*Problem to work on:* Pictures are not part of the answer. Return the lines from the one containing "(서울=포커스뉴스) 24일 오전" through the end of the data, both included, exactly as they appear.
BEGIN Data records
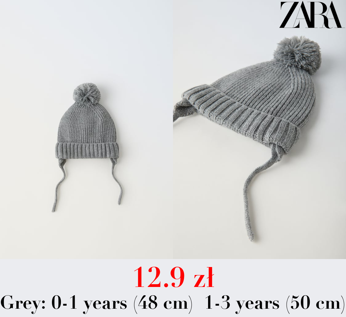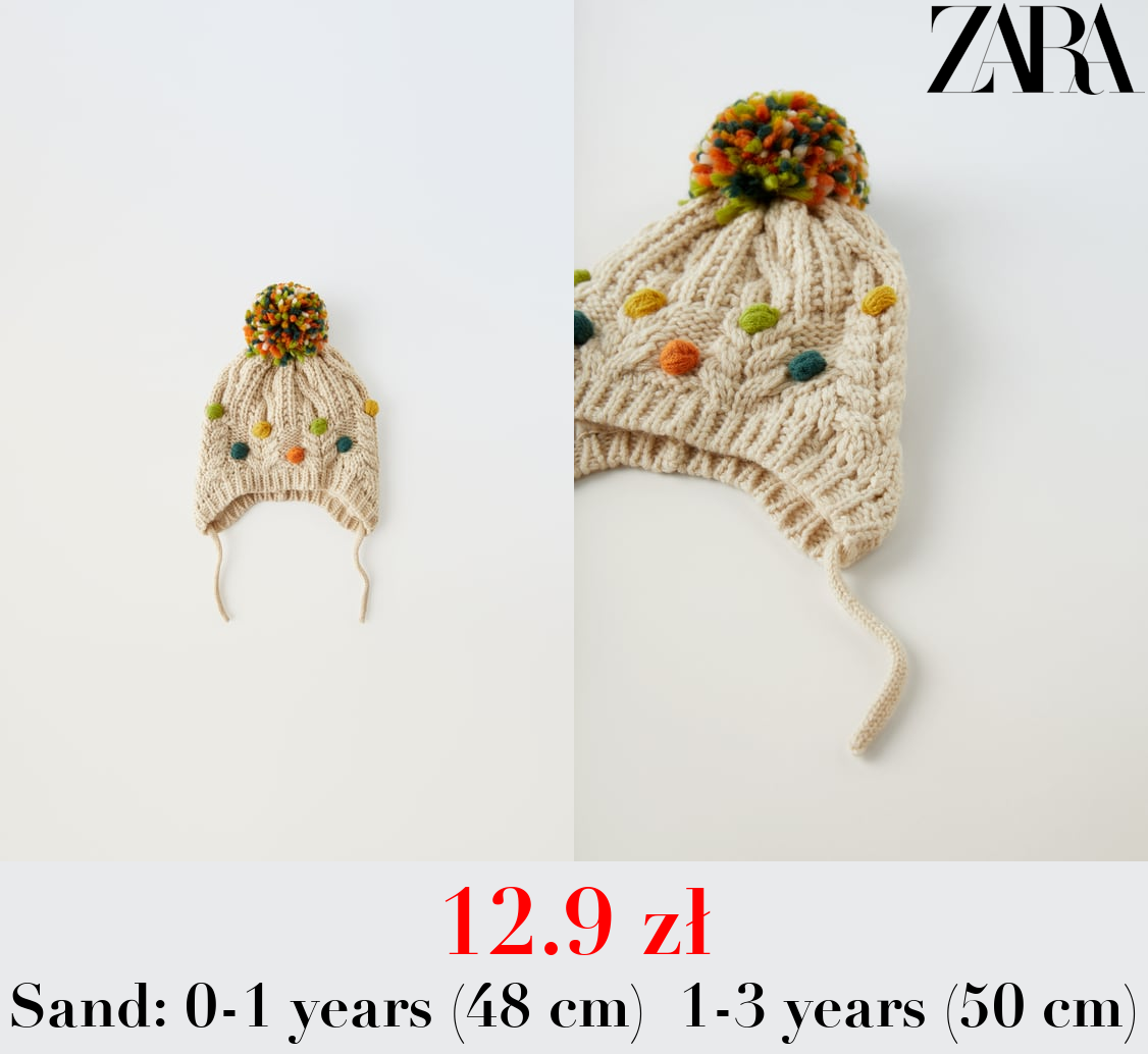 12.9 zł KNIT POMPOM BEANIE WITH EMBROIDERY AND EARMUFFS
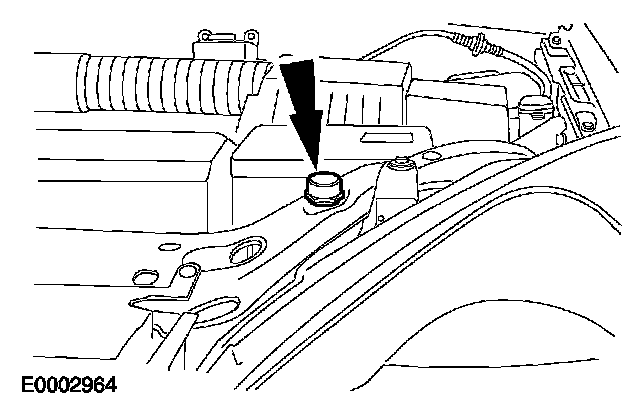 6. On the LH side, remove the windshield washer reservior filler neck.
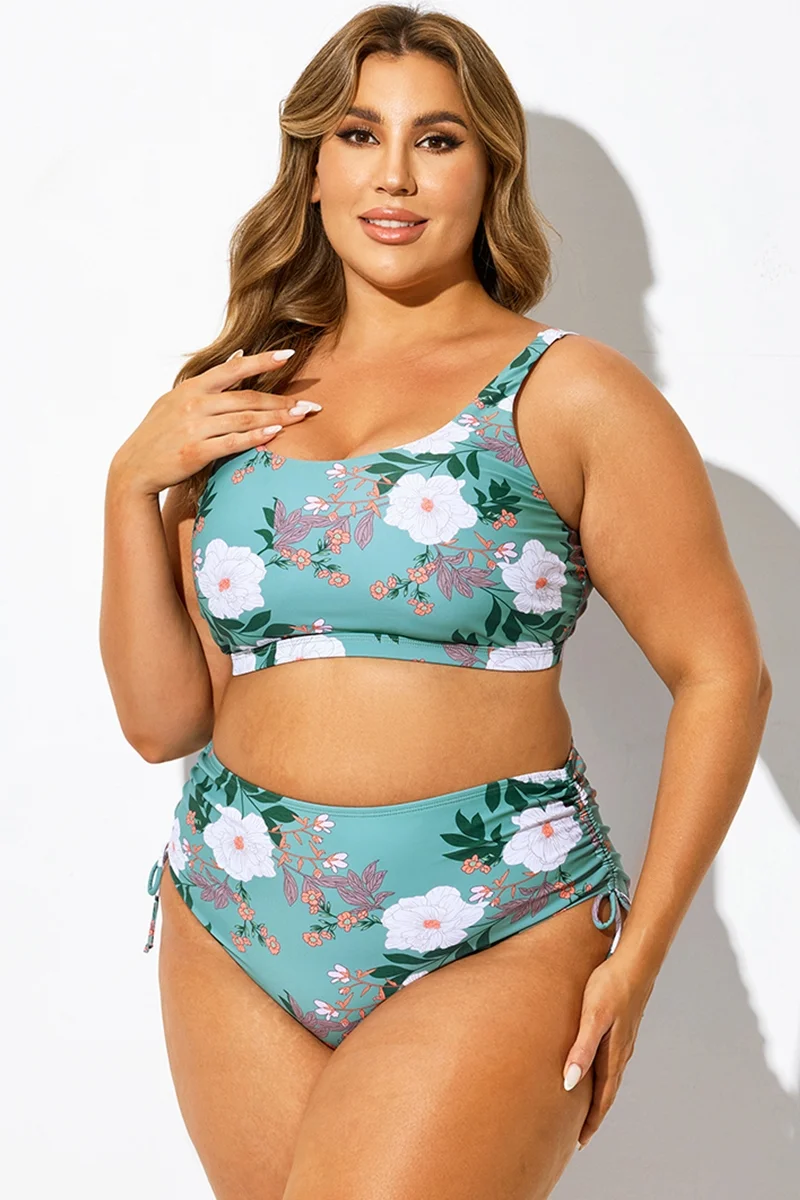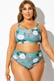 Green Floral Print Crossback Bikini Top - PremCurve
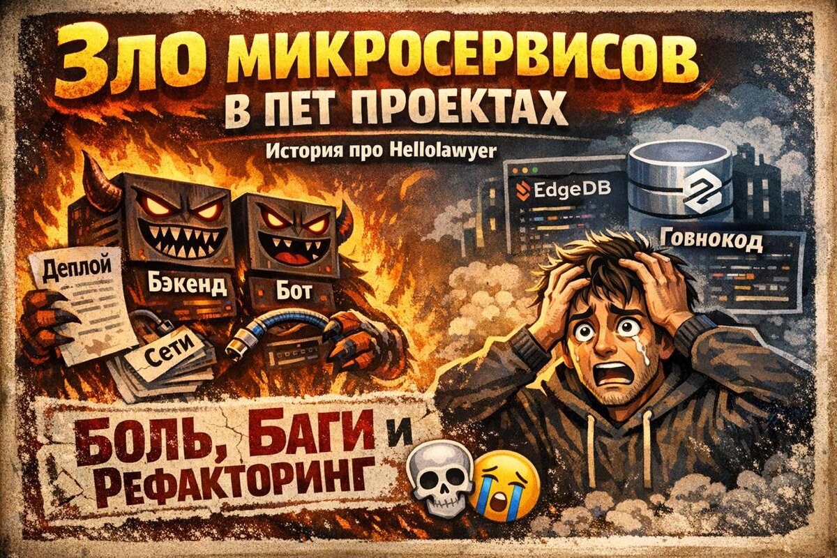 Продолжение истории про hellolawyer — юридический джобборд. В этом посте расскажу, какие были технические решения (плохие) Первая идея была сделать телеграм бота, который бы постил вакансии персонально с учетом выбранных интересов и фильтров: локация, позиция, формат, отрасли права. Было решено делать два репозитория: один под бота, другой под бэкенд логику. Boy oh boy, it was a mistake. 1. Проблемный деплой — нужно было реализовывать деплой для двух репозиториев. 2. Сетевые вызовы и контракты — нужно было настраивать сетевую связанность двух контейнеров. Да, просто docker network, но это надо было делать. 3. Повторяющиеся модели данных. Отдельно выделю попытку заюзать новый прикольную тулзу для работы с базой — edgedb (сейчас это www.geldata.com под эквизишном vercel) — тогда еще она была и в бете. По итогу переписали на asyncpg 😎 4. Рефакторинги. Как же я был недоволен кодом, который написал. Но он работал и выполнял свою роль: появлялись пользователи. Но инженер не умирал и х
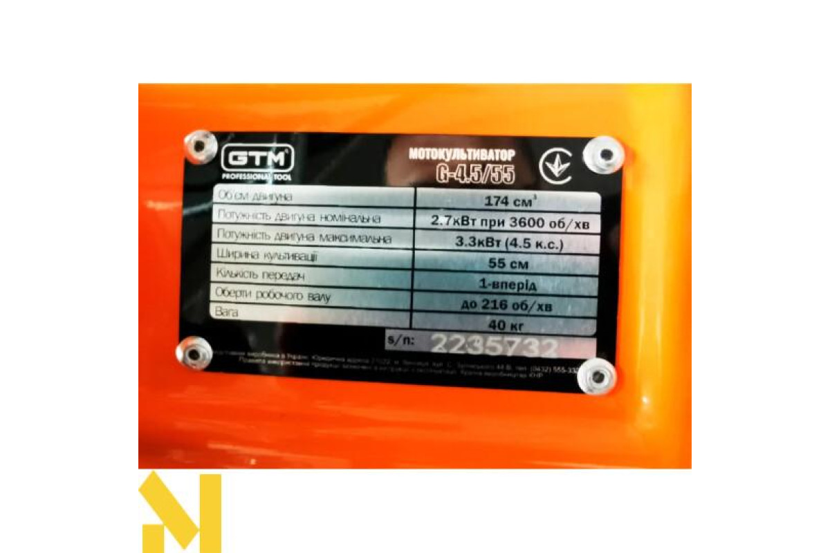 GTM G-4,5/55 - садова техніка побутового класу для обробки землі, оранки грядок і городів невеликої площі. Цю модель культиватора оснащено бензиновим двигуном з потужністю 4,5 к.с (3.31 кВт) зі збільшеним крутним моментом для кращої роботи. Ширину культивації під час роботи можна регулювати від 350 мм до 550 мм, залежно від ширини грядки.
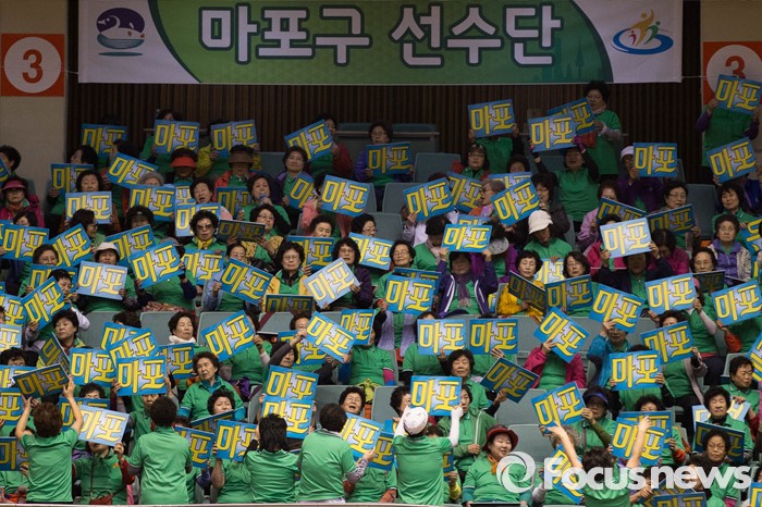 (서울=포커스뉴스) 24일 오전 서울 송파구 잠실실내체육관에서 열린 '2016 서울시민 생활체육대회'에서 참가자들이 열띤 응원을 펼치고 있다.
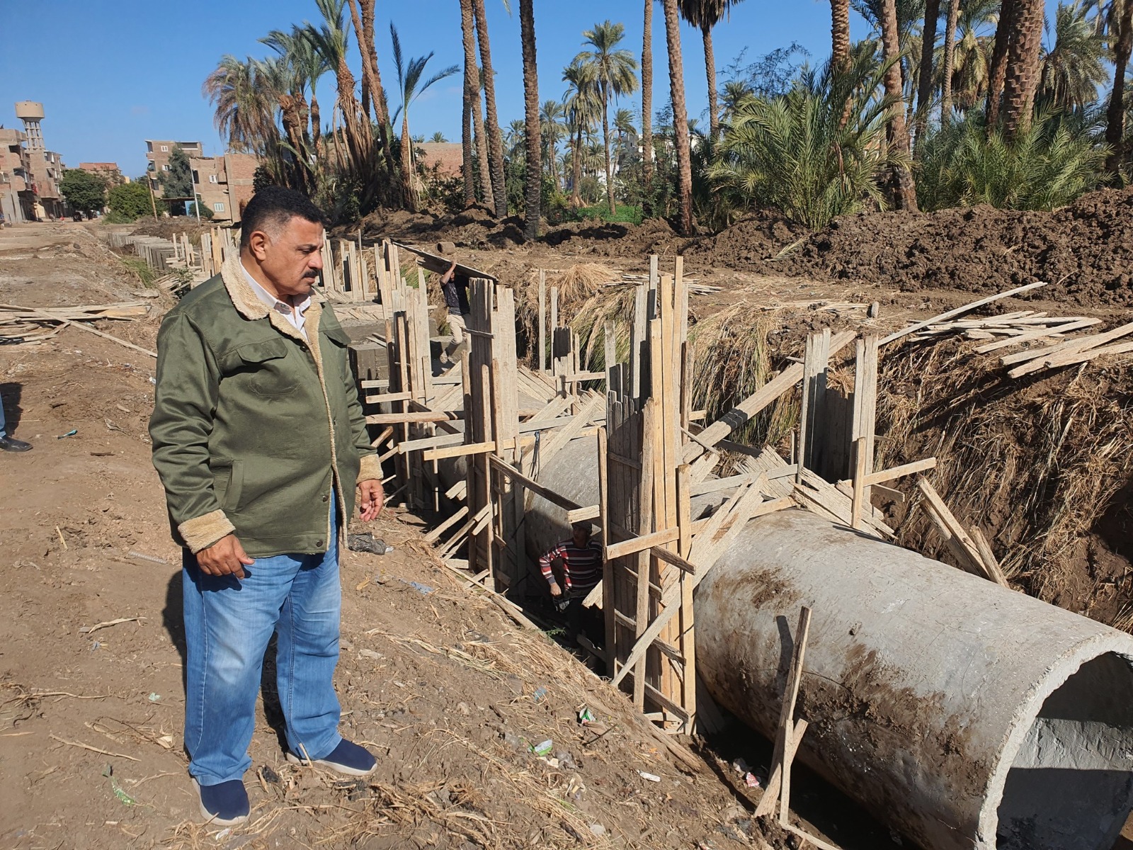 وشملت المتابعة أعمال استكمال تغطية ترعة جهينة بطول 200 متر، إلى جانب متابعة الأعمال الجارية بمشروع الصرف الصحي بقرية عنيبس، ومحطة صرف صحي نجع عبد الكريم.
END Data records
*Output of the task:*
 (서울=포커스뉴스) 24일 오전 서울 송파구 잠실실내체육관에서 열린 '2016 서울시민 생활체육대회'에서 참가자들이 열띤 응원을 펼치고 있다.
 وشملت المتابعة أعمال استكمال تغطية ترعة جهينة بطول 200 متر، إلى جانب متابعة الأعمال الجارية بمشروع الصرف الصحي بقرية عنيبس، ومحطة صرف صحي نجع عبد الكريم.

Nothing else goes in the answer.